I've always liked things melting and dripping, especially in portraiture. It felt more like life to me and what my life is. There are mistakes here and there, and I would not try and cover them up, but just work with them. It went with my personality to try and make something really beautiful out of what might be considered just a mess to somebody else. I really liked the concept of layers because when you see the piece from different angles, it's got different things going on-because that's how I feel.
Things aren't the same every day and I'm not always happy. It varies. That's the style that I ended up at. They've got pits in them, and there's height to it. This series, specifically, is really pokey and spiky. I wanted to simulate a blanket and maybe have it wrap around you and give you a little hug from afar.
MR: I didn't know that you were self-taught. When did you start painting?
VP: I was about 20 when I went down to the art store and I just picked up a little start-painting kit. I always had a thing for oil paint. It just spoke to me.
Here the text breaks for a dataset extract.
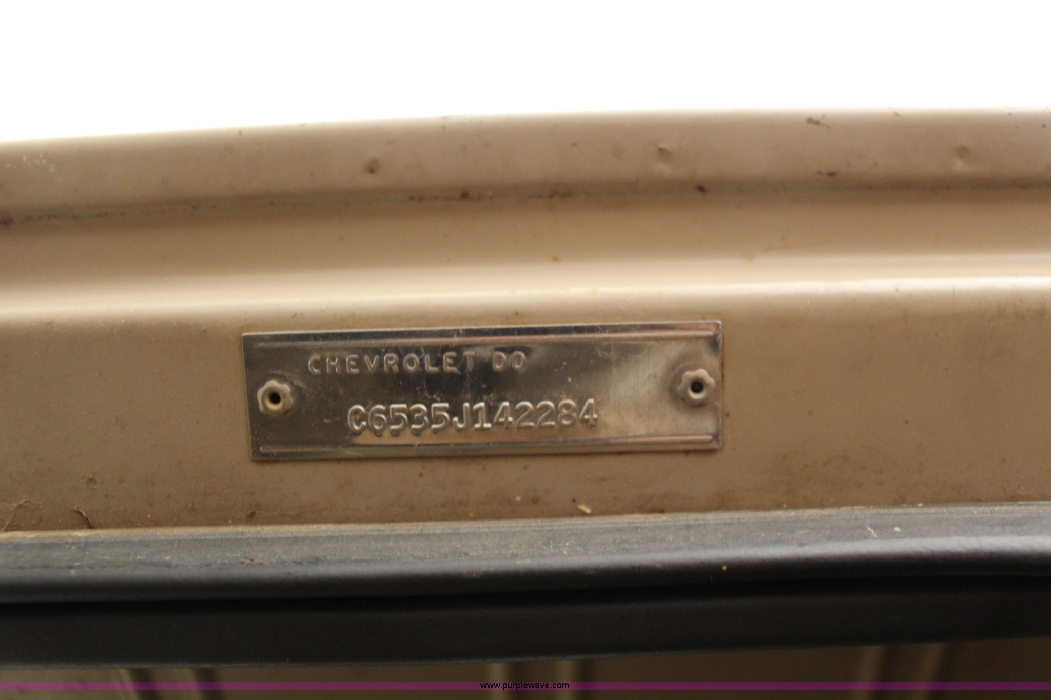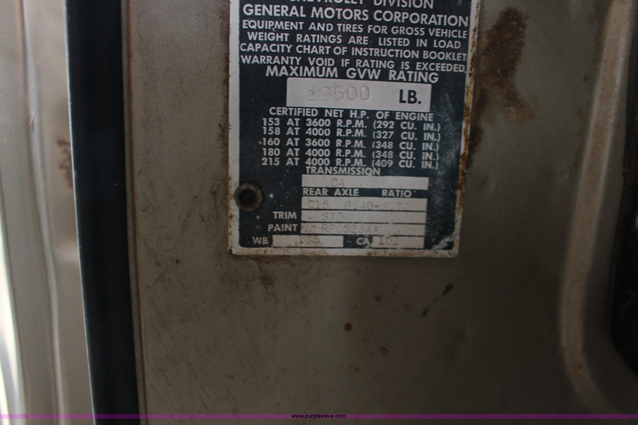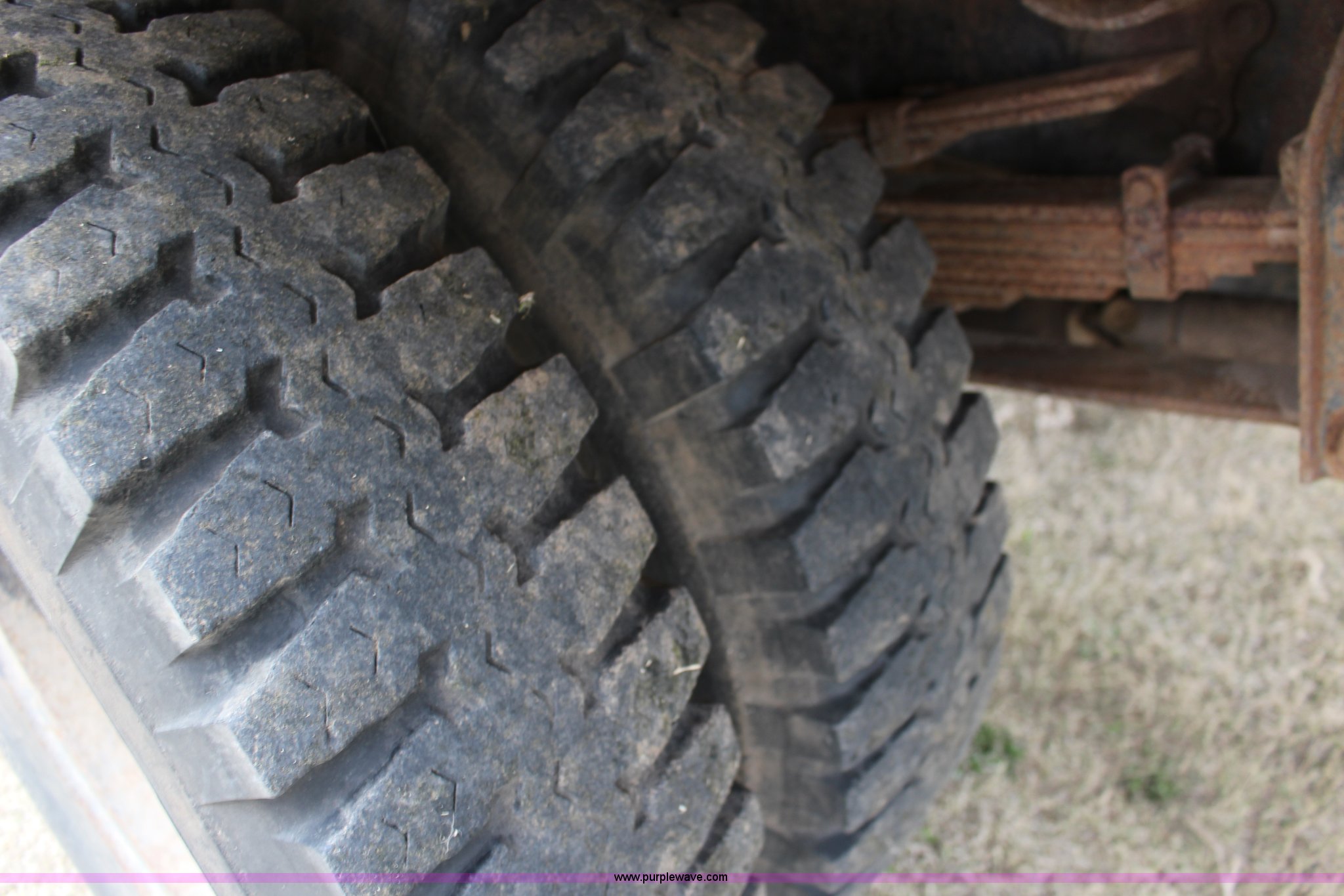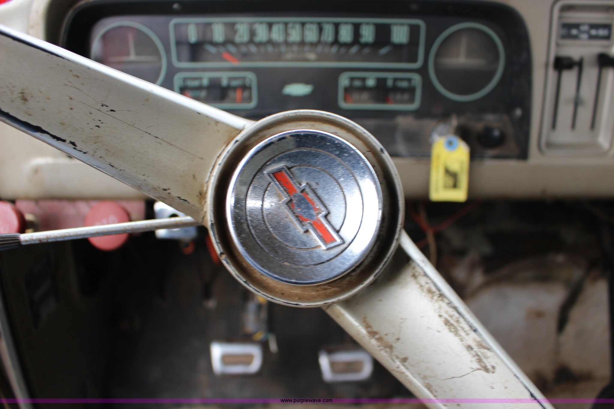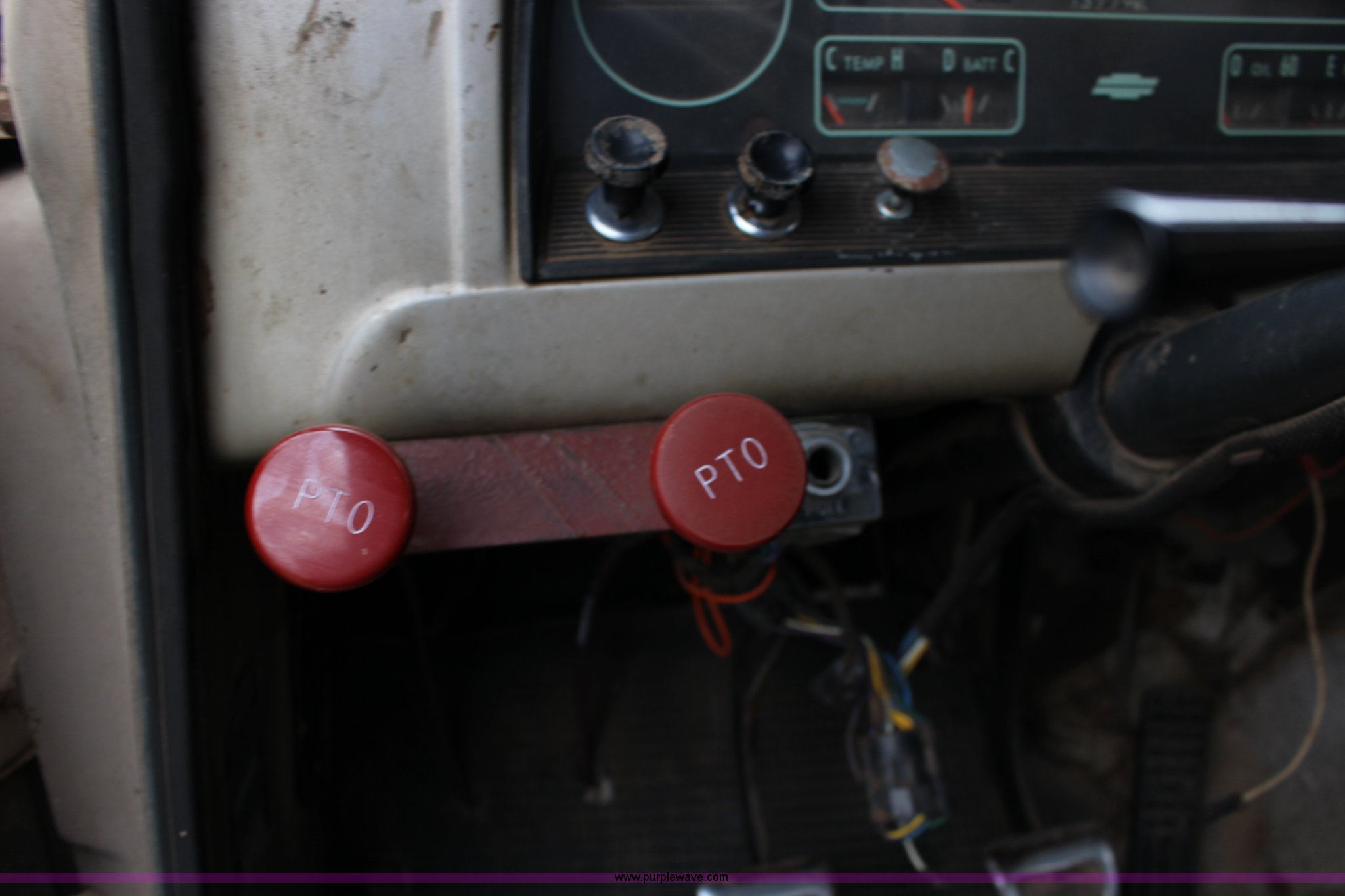 Purple Wave is selling a used Grain Truck in Kansas. This item is a 1965 Chevrolet C60 grain truck with the following: 53,779 miles on odometer, Six cylinder gas engine, Four speed manual transmission, Two speed rear end, Manual windows and locks, 186"L x 94"W bed, 30"H sides, Wood floor, Garwood hoist, PTO, Spring suspension, 8.25-20 tires, Recently replaced battery, Interior/exterior cosmetic damage

MR: The first time we met was when you painted me for the cover of The New York Times Magazine and I got to go to your studio. I had never been physically in the same room with your work before and I was overjoyed, especially because of the scale. My first thoughts were that they looked almost like a cake. This thickness is so intriguing and now that I know the process, the worrier in me is like, "How long does that take to dry?"
VP: It's always the number-one question.
MR: I'm lucky enough to have a piece of yours. I always wonder, "Am I allowed to ask the artist if they meant for me to feel this way?" I know the answer even as I'm asking it: "Whatever you want."
And I'm not trying to impose meaning here but how do you feel about painting as practice? Can it be a healing ritual?
VP: Last year was so nutty for me. I couldn't process it. It was the first reason I had to get back in the studio. When I'm painting, I don't think about anything. I don't even know what people do without that. It helped me to put everything in its place but it didn't help me make sense of everything. I don't have any answers. Paintings just start conversations. One painting would be like us sitting together for six hours one night and going back and forth.
MR: I think it's interesting also to hear you say that when you're painting you're not thinking about things. Is that, for you, the idea of a flow state? Are there things that you do to get there?
VP: Yes. It doesn't even take that much. I think that the physicality of the paint takes over. My body will just do the motions. Your body is a weird little machine. If I just start painting, eventually it gets there, but the good stuff doesn't necessarily have to happen right away and that's okay too.
MR: Sometimes it's really just about showing up for yourself.